■ EXERCISE PROMPT
Strip out the pictures and output each remaining line of the data word for word.

■ AVAILABLE DATA
· · ·

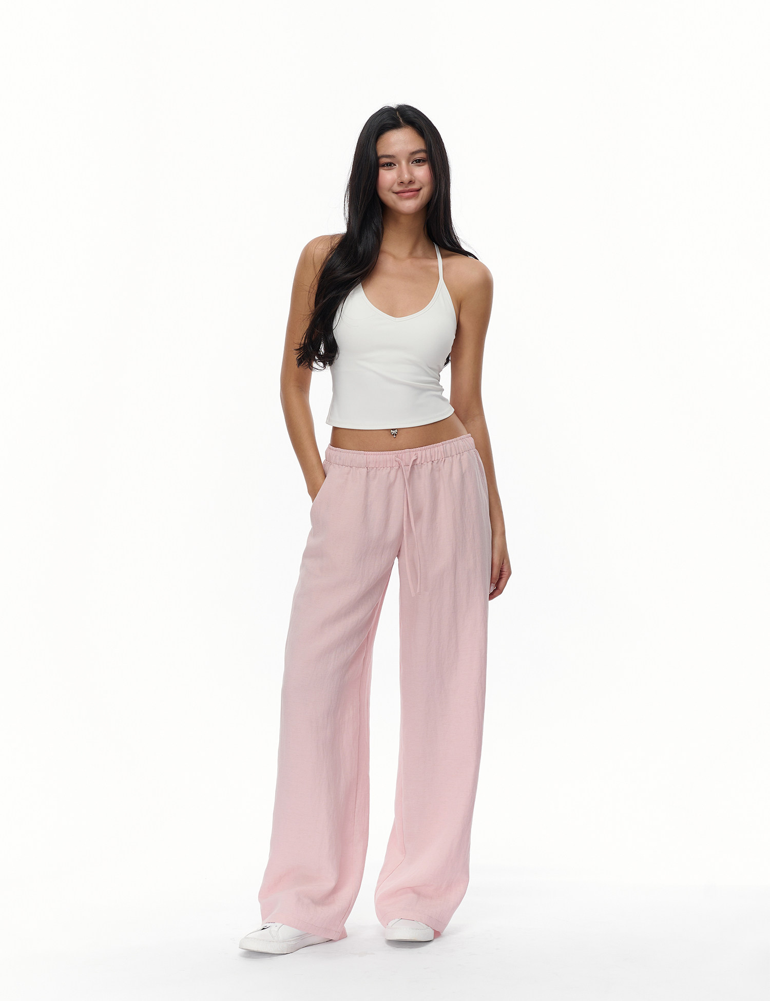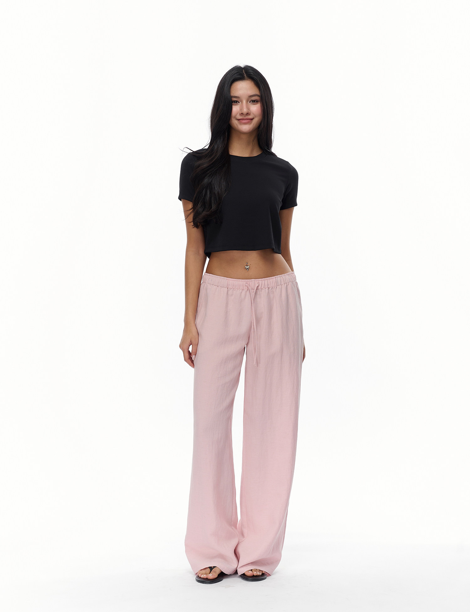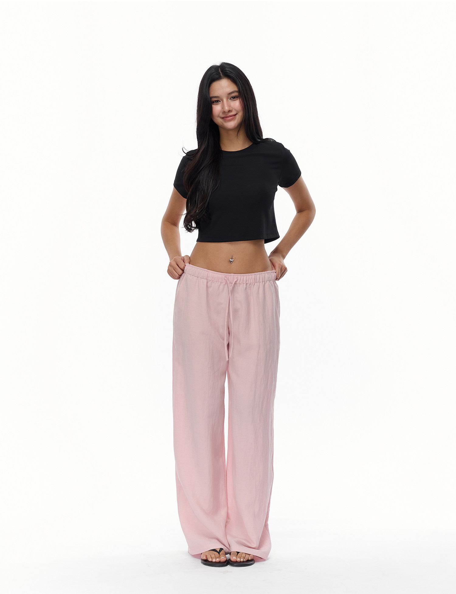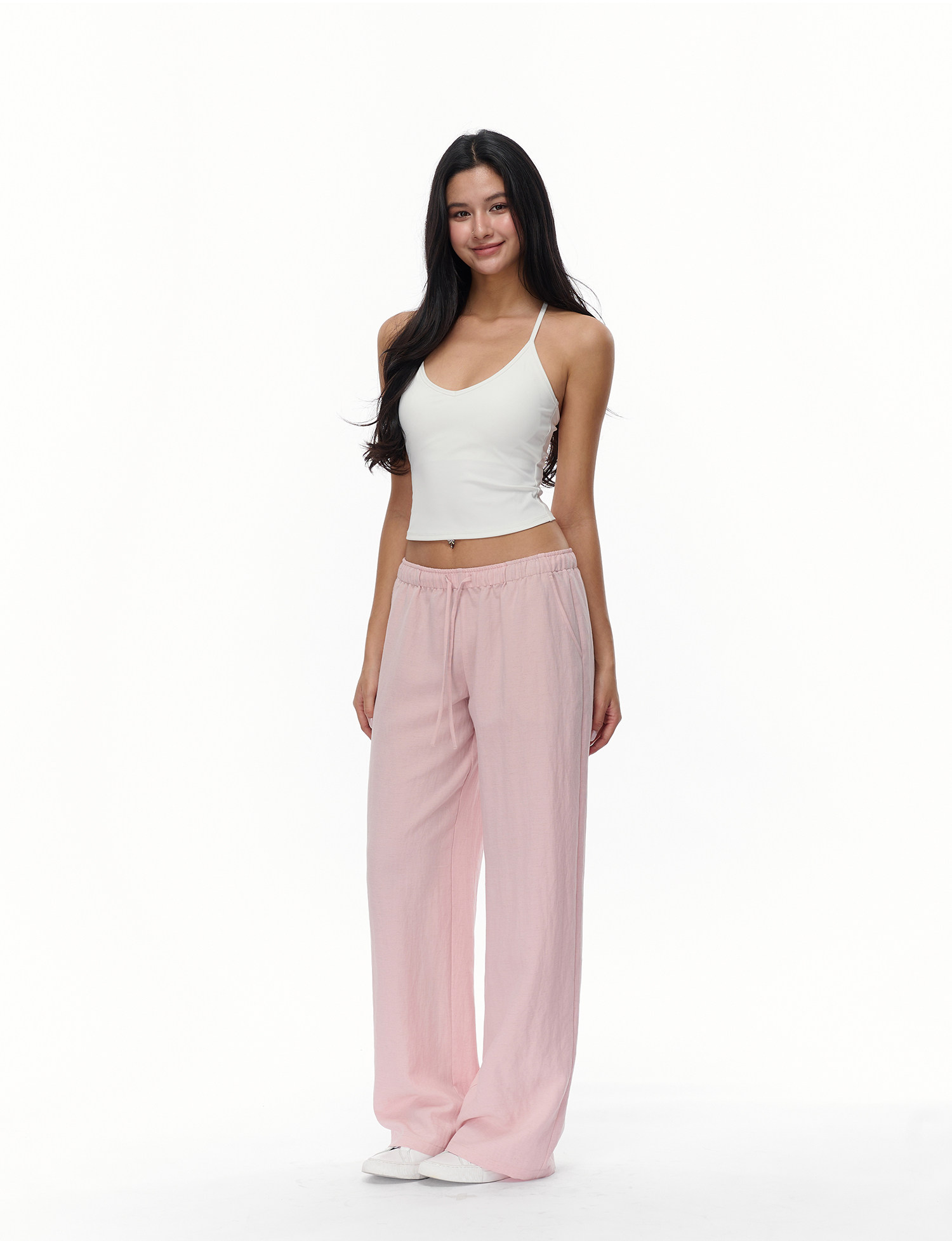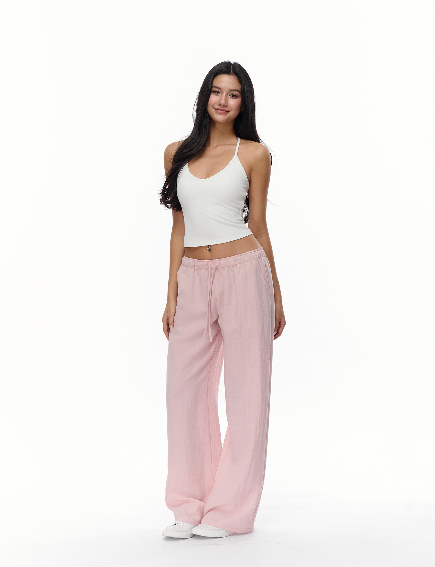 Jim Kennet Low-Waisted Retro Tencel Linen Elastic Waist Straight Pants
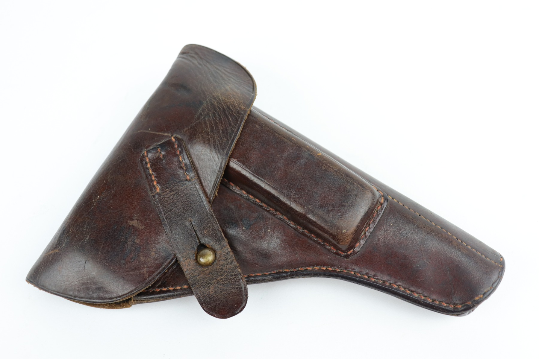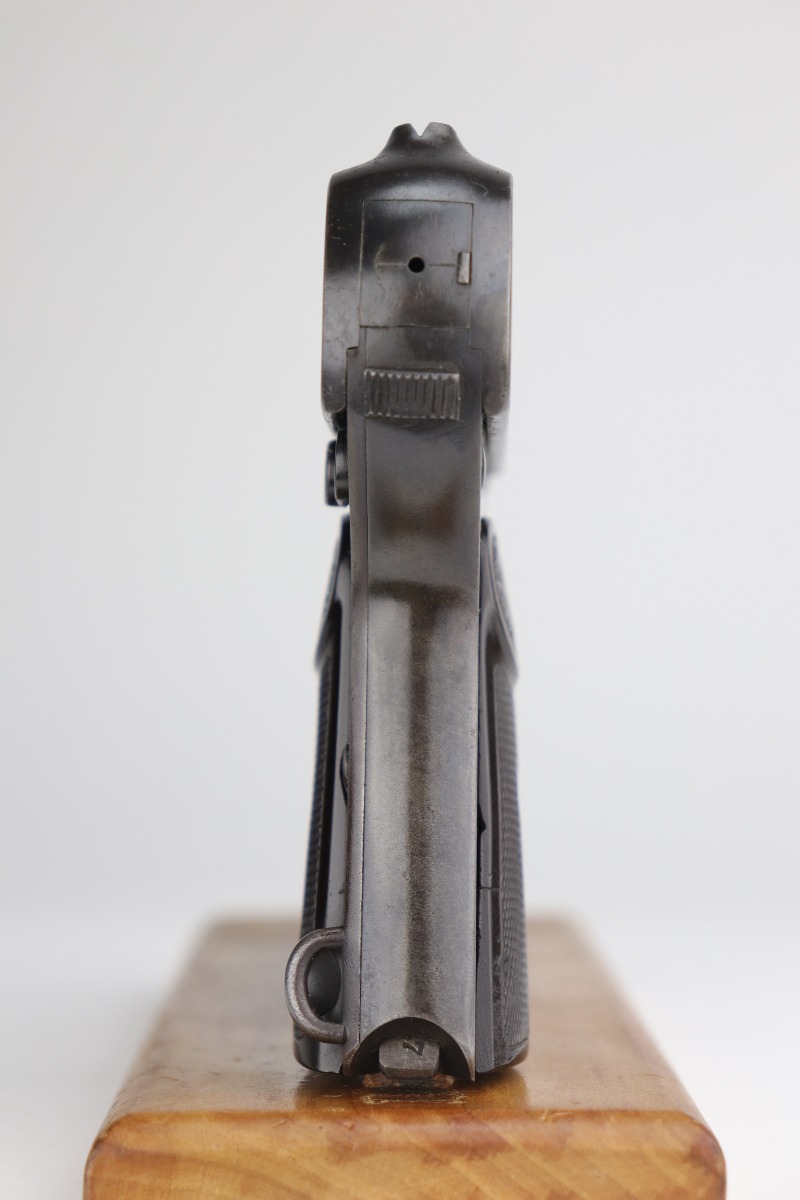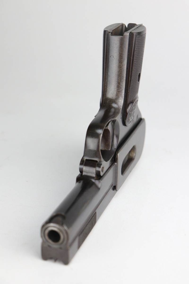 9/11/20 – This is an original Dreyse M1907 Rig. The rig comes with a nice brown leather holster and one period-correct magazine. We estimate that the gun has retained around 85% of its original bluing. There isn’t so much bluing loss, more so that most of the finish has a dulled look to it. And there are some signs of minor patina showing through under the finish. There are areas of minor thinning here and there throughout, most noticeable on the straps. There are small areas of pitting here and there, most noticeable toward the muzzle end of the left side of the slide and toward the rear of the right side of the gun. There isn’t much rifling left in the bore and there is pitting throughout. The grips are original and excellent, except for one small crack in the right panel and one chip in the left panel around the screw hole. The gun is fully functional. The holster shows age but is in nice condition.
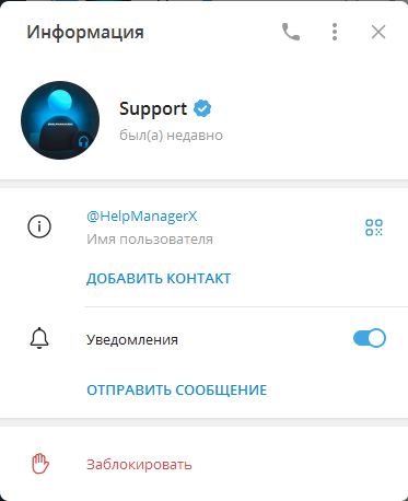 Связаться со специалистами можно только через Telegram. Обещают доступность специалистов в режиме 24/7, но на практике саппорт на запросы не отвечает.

· · ·

■ FINISHED TASK
 Jim Kennet Low-Waisted Retro Tencel Linen Elastic Waist Straight Pants
 9/11/20 – This is an original Dreyse M1907 Rig. The rig comes with a nice brown leather holster and one period-correct magazine. We estimate that the gun has retained around 85% of its original bluing. There isn’t so much bluing loss, more so that most of the finish has a dulled look to it. And there are some signs of minor patina showing through under the finish. There are areas of minor thinning here and there throughout, most noticeable on the straps. There are small areas of pitting here and there, most noticeable toward the muzzle end of the left side of the slide and toward the rear of the right side of the gun. There isn’t much rifling left in the bore and there is pitting throughout. The grips are original and excellent, except for one small crack in the right panel and one chip in the left panel around the screw hole. The gun is fully functional. The holster shows age but is in nice condition.
 Связаться со специалистами можно только через Telegram. Обещают доступность специалистов в режиме 24/7, но на практике саппорт на запросы не отвечает.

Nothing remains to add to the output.